2022-12-30-cleaner-links.markdown 2.0 KB


layout: post title: "Cleaner links for web pages" date: 2022-12-30 00:00:00 -0600

categories: blog

Today we're rolling out a pretty big change to Neocities: cleaner links, by automatically loading the .html files without the extension.

So for example if you have a /my-favorite-songs.html, you can now load it with your browser by just typing /my-favorite-songs. Previously you could do this by creating a directory called "my-favorite-songs" and then adding an index.html to it (my-favorite-songs/index.html), but this will make that step optional. Every link to a web page with the .html on the end will still (and always) work, and will automatically redirect to the cleaner URL, so there shouldn't be any issues with search engines or links breaking.
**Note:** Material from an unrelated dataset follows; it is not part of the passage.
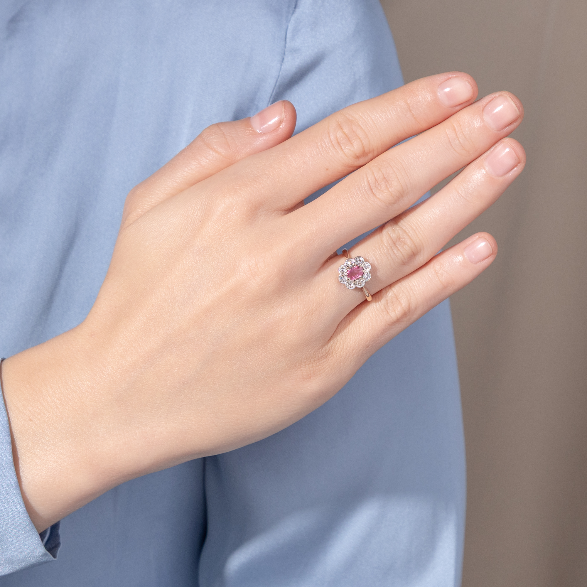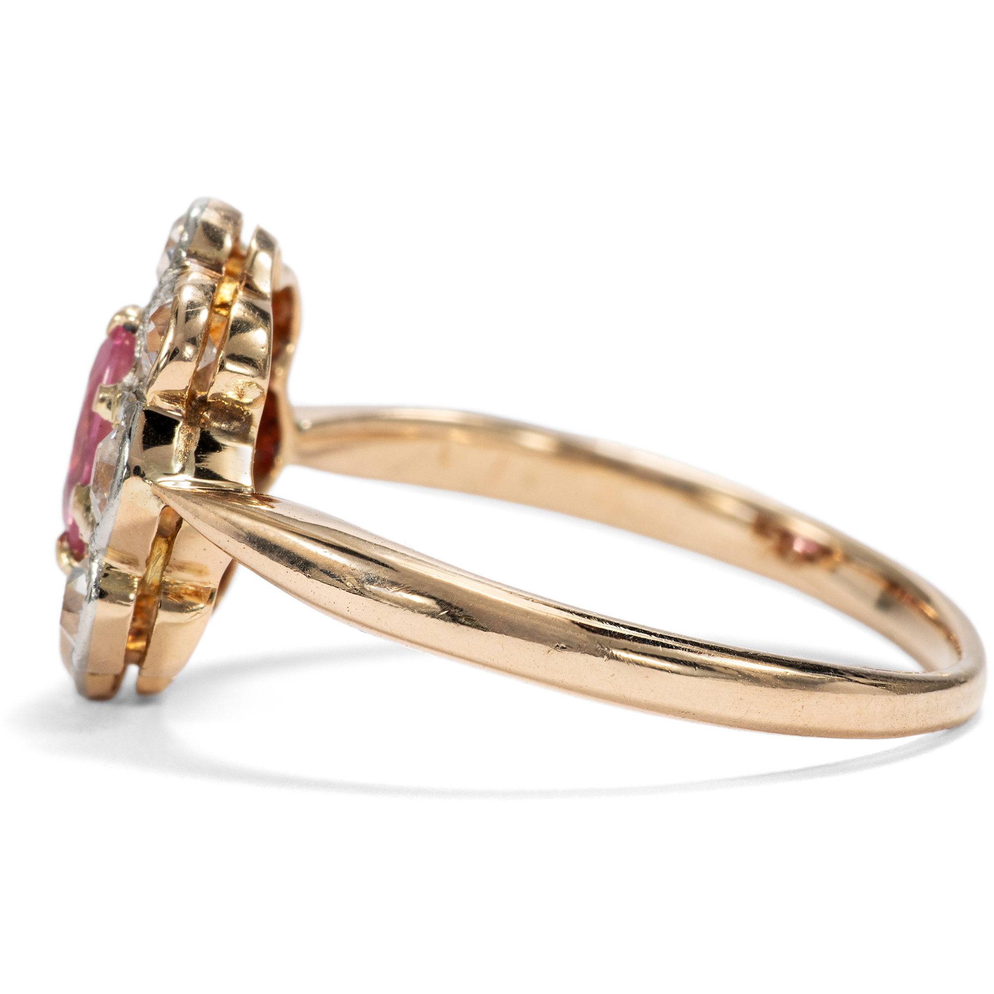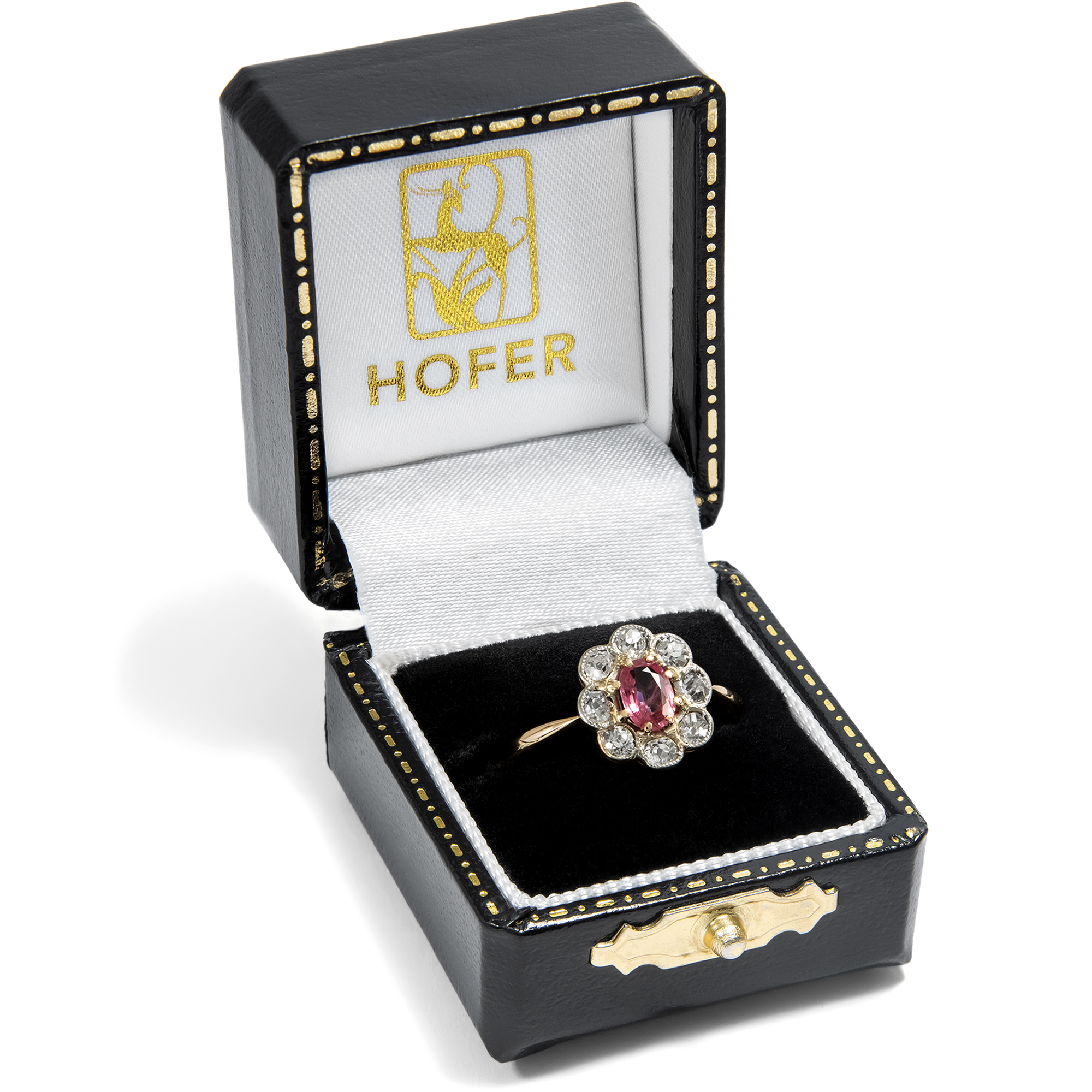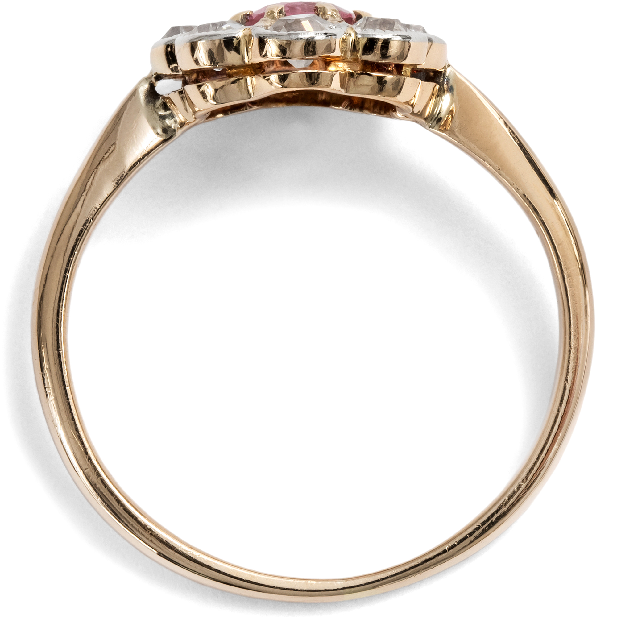 Wenn man an Saphire denkt, hat man zunächst blaue Edelsteine im Sinn. Doch ist die Farbpalette, die echte Saphire zu bieten haben, weitaus größer: Je nach Lagerstätte und den bei der Entstehung der Steine beteiligten Elementen können Saphire in beinahe allen Farben des Regenbogens vorkommen. Acht weiße Altschliffbrillanten umgeben hier einen Saphir in ausgesprochen seltener Farbe. Es handelt sich bei dem oval facettierten Edelstein um einen sogenannten „Padparadscha“. Padparadschas wurden hauptsächlich auf der Insel Sri Lanka gefunden. Der Name für diese Varietät des Saphirs leitet sich von der singhalesischen Bezeichnung für Lotusblüte ab und bezeichnet Steine, die in ihrer Farbe den Blüten dieser seltenen Blumen gleichen. Sie lässt sich als eine Mischung aus Orange und Pink beschreiben und wird manchmal mit dem warmen Funkeln eines Sonnenuntergangs verglichen. Der Saphir im hier vorliegenden Ring ist kräftig rosa mit leichtem Einschlag ins Pfirsichfarbene. Wir haben ihn in den antiken Ring einfassen lassen, der seinen originalen Mittelstein verloren hatte. Der Saphir wird begleitet von einem unabhängigen Gutachten aus Kanada. Der strahlend schöne Saphir und die Diamanten sind alle à jour gefasst und können so ihr harmonisches Farbspiel voll entfalten. Eine schlichte Schiene aus Roségold vervollständigt das schöne Schmuckstück der Belle Époque, das wir in Paris entdeckt und mit nach Berlin gebracht haben.

The main drawback to this is that it may affect local site editing. But if you edit your site locally and the cleaner links don't work with your local server, you can still use .html in your links and they will redirect automatically on Neocities. You should also still use .html for the actual files when you create them on Neocities.

For the edge case where there is both a directory index and a root page, such as /my-favorite-songs.html and /my-favorite-songs/index.html, the slash will be used to denote the directory, so /my-favorite-songs and /my-favorite-songs/ will load each respective page.

This change also makes it slighty harder to move to other static web site hosting, but it's easy to configure other servers to support this. If you run your own server and use nginx for this, this is the code you can use to make it work the same way (in the server {} section of your config):

if ($request_uri ~ ^(.*/)index$) {
  return 301 $1$is_args$args;
}

if ($request_uri ~ ^/(.*/)index\.html?) {
  return 301 /$1$is_args$args;
}

if ($request_uri ~ ^/(.*)\.html?) {
  return 302 /$1$is_args$args;
}

Enjoy the cleaner, easier to type in web page links! Happy New Year!